• Let’s talk about concept drifting (also known as “shifting”) which is an important topic in MLOps and ensuring success of your model in production.

  • A predictive ML model learns theta to output \(P(Y \mid X; \theta)\).

    1. Data drift/shift refers to changes in \(P(X)\): different data distributions, different feature space. Data drift usually causes training to fail to produce a good model because the training data does not match real-world examples.
      • Ex: service launched in a new country, expected features missing.
    2. Label schema drift/shift refers to changes in \(Y\): new classes, outdated classes, finer-grained classes.

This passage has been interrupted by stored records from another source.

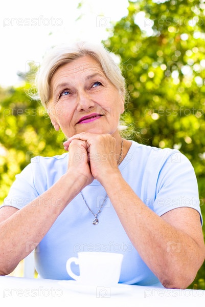 Пожилая женщина пьет чай в саду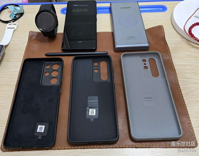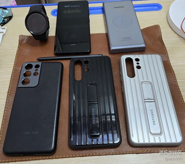 換S24U的同時(shí)購買了四個(gè)官方殼、價(jià)格依次從高到低分別為:灰色腕帶硅膠殼、黑色生態(tài)皮殼、墨紫色盾型殼、亞克力透明硬殼。今天下午分把四款官方殼套上手機(jī)進(jìn)行了體驗(yàn),希望能給到一些打算入手S24U官方殼星粉的建議,下面是個(gè)人體驗(yàn)結(jié)論:第一款官方腕帶硅膠殼用的是液態(tài)硅膠材質(zhì),手感很舒適,沒有任何異味,對(duì)手機(jī)正面邊框還是背面的攝像頭保護(hù)包裹都非常到位,背面的腕帶是伸縮調(diào)節(jié)式的,起的主要做用是支架固定,類似行李箱殼的支架功能,但功能沒有S行李箱的支架強(qiáng)大,喜歡追劇的星粉建議選這款。第二款官方生態(tài)皮殼,手感是這四款官方殼中最好的,對(duì)手機(jī)背面攝像頭保護(hù)到位,為了方便拆卸的原故,正面左右兩側(cè)沒有對(duì)邊框進(jìn)行完全包裹,是低于手機(jī)左右兩側(cè)邊框的,頂部、底部是包裹到位了的,24U生態(tài)皮殼材質(zhì)雖然不是21U那樣的牛皮,個(gè)人感覺比21U牛皮更耐用,用過21U官方皮殼的星粉都有體驗(yàn),棕色最多2個(gè)月就發(fā)黑還嬌氣,黑色雖然不會(huì)發(fā)黑,嬌氣跑不了,稍微接觸一下其它物品就會(huì)留下無法消除的痕跡,這4天我主要用的是24U的生態(tài)皮殼,生態(tài)皮材質(zhì)就不會(huì)輕易留下痕跡,只需避免跟尖銳物品接觸,追求手感舒適度的星粉建議選這款。第三款官方盾型殼,有些類似行李箱的感覺,材質(zhì)是環(huán)保塑膠類,沒有異味,對(duì)手機(jī)正面邊框和背面攝像頭的保護(hù)包裹都相當(dāng)?shù)轿?,墨紫色比較耐看,顏值雖然沒有灰白色盾型殼高,但使用時(shí)間長(zhǎng)了右側(cè)的音量鍵和關(guān)機(jī)鍵位置不會(huì)發(fā)黃,這還是賣家告訴我的,不然我也選灰白盾型殼了,追求對(duì)手機(jī)保護(hù)到位的星粉建議選這款。第四款官方亞克力透明硬殼,用的材質(zhì)是高透硬塑料,對(duì)手機(jī)正面邊框保護(hù)非常到位,背面對(duì)攝像頭的保護(hù)也還行,透明殼底部不是全包,硬殼全包手機(jī)就非常不好拆卸了,透明殼非常緊拆取時(shí)要小心一些,避免劃花手機(jī)邊框,透明殼手感比較絲滑,要注意失手滑落,硬殼旁邊的透明硅膠軟殼是購買官方透明殼時(shí)賣家贈(zèng)送的,非官方殼這里就不做評(píng)測(cè)了,追求經(jīng)濟(jì)實(shí)惠的星粉建議選這款。小結(jié)一下:22U及之前的支架式行李箱殼是功能最強(qiáng),對(duì)手機(jī)保護(hù)最到位的官方保護(hù)殼,遺憾的是從23U系列開始就不生產(chǎn)了,唯一缺點(diǎn)就是厚重了些。最后五圖是備用機(jī)21U的官方殼,棕色全新時(shí)和用了20天后前后對(duì)比,最后一圖是兩個(gè)21U官方黑色真皮殼,一個(gè)正在用已經(jīng)用了半年多了,對(duì)比用了20天的棕色殼,2021年當(dāng)時(shí)黑色、棕色都是同樣的售價(jià),真的很無語,有過這樣的體驗(yàn)后我對(duì)三星官方皮殼黑色是首選,另外一個(gè)是全新僅拆封未使用的21U官方黑色真皮殼,換24U前留做備用的,現(xiàn)在看來有些多余了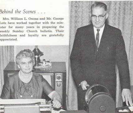 Behind the Scenes . . . Mrs. William L. Owens and Mr. George Lutz have worked together with the minister for many years in preparing the weekly Sunday Church bulletin. Their faithfulness and loyalty are gratefully appreciated.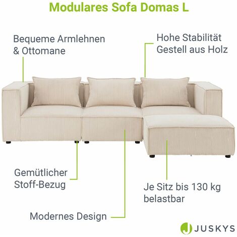 Ultimative Entspannung pur! Dieses modulare 3-Sitzer Sofa aus weichem Cordstoff kommt komplett montiert - einfach auspacken und loslegen. Inklusive 3 Ottomanen für flexible Aufstellung. Der 32D-Schaumstoff sorgt für maximalen Komfort, die verstellbare Rückenlehne passt sich dir an. Rutschfeste Unterseite für sicheren Stand. Nach dem Auspacken brauchen die Polster 2-7 Tage zur vollen Entfaltung. Perfekt fürs Wohnzimmer, Homeoffice oder Entertainment-Bereich. Einfach positionieren und den Wohlfühl-Faktor genießen!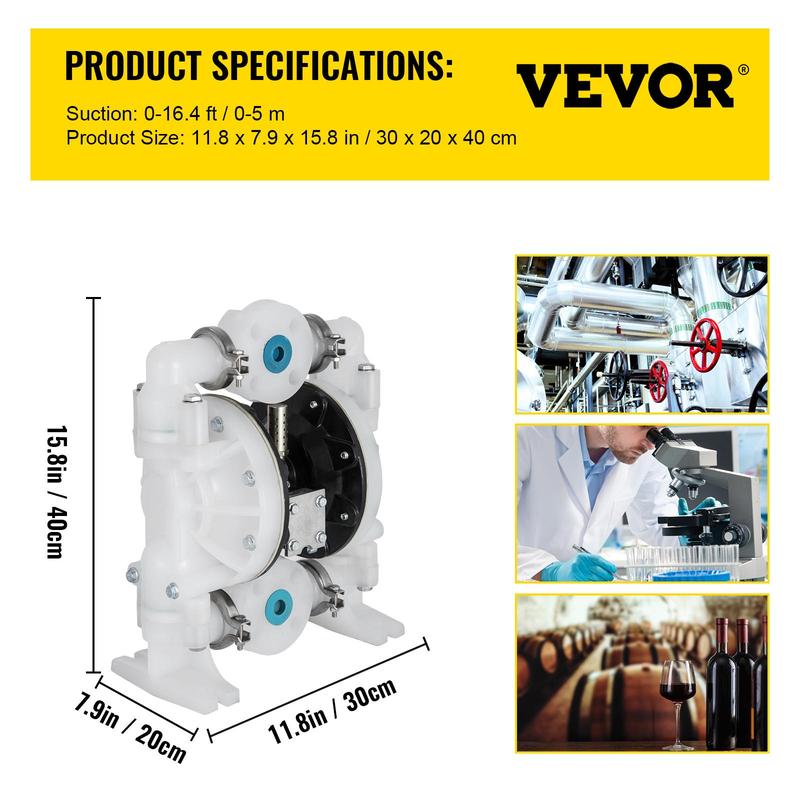 • Premium Double PTFE Diaphragms: Our air-operated double diaphragm pump adopts PTFE diaphragms, durable, corrosion-proof, and long-lasting. Max. Temperature: 150 ℉/66 ℃; Max. Pressure: 120 psi; Max. Flow Rate:79.6 GPM; Max Head Lift:275.6 ft/84 m.

Especially common with high-cardinality tasks.
      • Ex: there’s a new disease to categorize.
    3. Model drift/shift refers to changes in \(P(Y \mid X)\): same inputs expecting different outputs.
      • Ex: when users searched for Wuhan pre-Covid, they expected different results from what they do now.
      • Model drift can be cyclic e.g. ride-share demands weekday vs. weekend.
  • Concept drift doesn’t happen only because of drastic events. It happens all the time, either:
    • suddenly (new competitors, competitors changing their pricing policies, new memes, new events, new fads) or
    • gradually (changes in social norms, cultures, languages)
  • Different features drift at different rates.
    • Ex: an app ranking might be useful for predicting whether it gets downloaded, but it drifts quickly.
  • In production, you sometimes might want to use less good features if they’re more stable.

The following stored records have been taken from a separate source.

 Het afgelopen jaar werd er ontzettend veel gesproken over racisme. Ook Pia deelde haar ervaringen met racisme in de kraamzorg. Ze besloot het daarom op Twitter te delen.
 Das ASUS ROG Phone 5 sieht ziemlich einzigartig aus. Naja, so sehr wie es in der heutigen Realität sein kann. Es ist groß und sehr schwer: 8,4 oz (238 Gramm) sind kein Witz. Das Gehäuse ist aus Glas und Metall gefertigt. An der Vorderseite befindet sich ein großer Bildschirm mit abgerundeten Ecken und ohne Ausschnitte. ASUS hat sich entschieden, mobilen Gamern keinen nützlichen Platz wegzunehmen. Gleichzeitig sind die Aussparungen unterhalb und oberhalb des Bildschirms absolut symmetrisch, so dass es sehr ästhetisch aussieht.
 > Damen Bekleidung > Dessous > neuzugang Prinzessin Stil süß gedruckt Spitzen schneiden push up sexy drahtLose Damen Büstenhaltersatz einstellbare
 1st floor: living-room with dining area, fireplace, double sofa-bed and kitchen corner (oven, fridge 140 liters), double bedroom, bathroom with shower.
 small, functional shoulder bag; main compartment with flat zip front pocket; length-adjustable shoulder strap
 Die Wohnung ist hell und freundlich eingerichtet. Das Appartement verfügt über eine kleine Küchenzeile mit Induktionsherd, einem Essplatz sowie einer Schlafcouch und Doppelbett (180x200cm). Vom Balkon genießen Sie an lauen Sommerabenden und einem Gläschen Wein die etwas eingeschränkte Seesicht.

  • Not all drifts require model retraining or relabeling, but all require monitoring.

Monitoring for drifts

  • Model drifts are not uncommon. Few things that can be done for monitoring:
    1. Having data quality and integrity checks on feature collection and inference services to detect unexpected inputs/outcomes.
    2. Have a hold out set to be reviewed manually by stakeholder teams on a monthly/quarterly basis to detect changes in business models.
  • You can also do it automatically as well using a classifier. Treat your entire training data (\(X\)) and apply pseudo label 1, get a sample from production data (\(X\)), using similar sampling as applied to training data, and apply pseudo label 0. Fit a classifier and measure how well its able to separate the two classes (MCC is a good metric). A drifted space is when it’s very easy for classifier to separate the two. This measures data drift and scales well.
  • Supposedly Netflix monitors by applying the Kolmogorov–Smirnov test, according to a presenter at the Spark + AI Summit.